Мы нашли сколько-то персонажей, отобрали... Я обратилась к молодым документалистам, коллегам из Москвы, из школы Разбежкиной. Ирина Шаталова, которая делала фильм "Срок", Настя Тарасова, Наташа Возиянова. Они со мной начали снимать этот фильм в стиле "Синема верите" и таким образом запечатлели этих женщин. К сожалению, из шести женщин, которых мы сняли, две в процессе монтажа этого фильма умерли, потому что им было уже за 90.
"Неосознанность геноцида"
– Какая из этих историй вас тронула больше всего?

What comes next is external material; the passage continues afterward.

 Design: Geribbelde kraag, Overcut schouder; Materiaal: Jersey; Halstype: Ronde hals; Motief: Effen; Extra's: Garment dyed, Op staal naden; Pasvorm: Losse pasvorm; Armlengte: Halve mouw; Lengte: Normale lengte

– Я думаю, это история Надежды Левицкой. Она бывшая ассистентка Солженицына и до сих пор, до того момента, когда мы снимали, работала в Фонде Солженицына. Мне посоветовал ее сын Натальи Солженицыной Ермолай. Она в этом фильме выглядит как человек, который действительно всё это осознал. У меня такое чувство было, что когда люди осознанно находились в такой ситуации – это страшнее, гораздо страшнее. Но были у нас и героини, у которых по ощущениям этой осознанности было меньше.
– Вынесли ли вы для себя что-то новое после общения с этими женщинами?

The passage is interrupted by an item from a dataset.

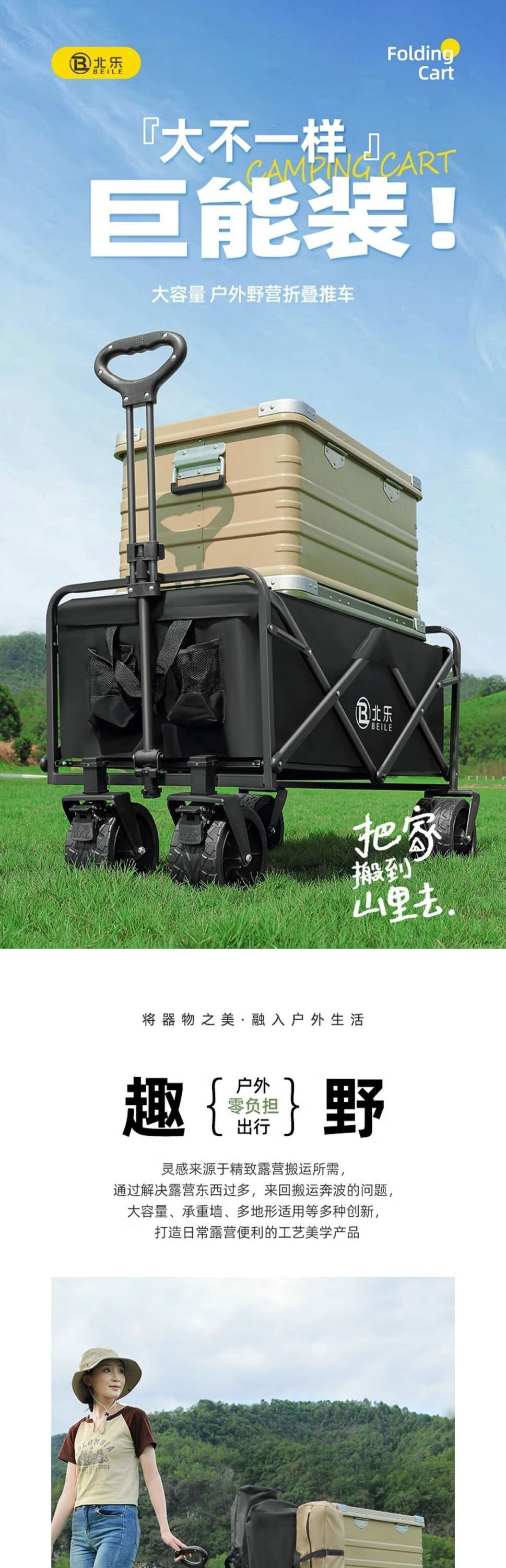 캠핑 카트 접이식 야외 캠프 자동차 손 푸시 피크닉 자동차 여행 휴대용 자동차 트레일러 트롤리 자동차 비치 카

– Конечно. В любом документальном фильме радость процесса состоит в том, что ты начинаешь съемку с совершенно противоположной или с абсолютно другой идеи, чем та, с которой ты ее заканчиваешь. Это процесс, который происходит и с фильмом, и с человеком, который его делает. Я не знаю, может быть, когда пишешь книги, это происходит по-другому, но в кино у тебя есть какой-то путь, который ты проходишь внутренне. Я для себя поняла, что на самом деле это фильм про настоящий день, что все, через что прошли эти женщины, отразилось на их лицах. Даже в коротком фильме абсолютно видно ту жизнь, которую они прожили, и, что самое главное, – ситуацию, в которой эти люди живут сейчас. Неосознанность этого геноцида… Когда я приезжала в Берлин, я поражалась, насколько осознан Холокост, геноцид, который произошел в Германии, и насколько сталинские репрессии недостаточно осознаны в России. Второе – как женщина я осознала и поняла, насколько это сломало их судьбы как женщин: многие не вышли замуж, многие не родили детей. Насколько это отразилось в поколениях!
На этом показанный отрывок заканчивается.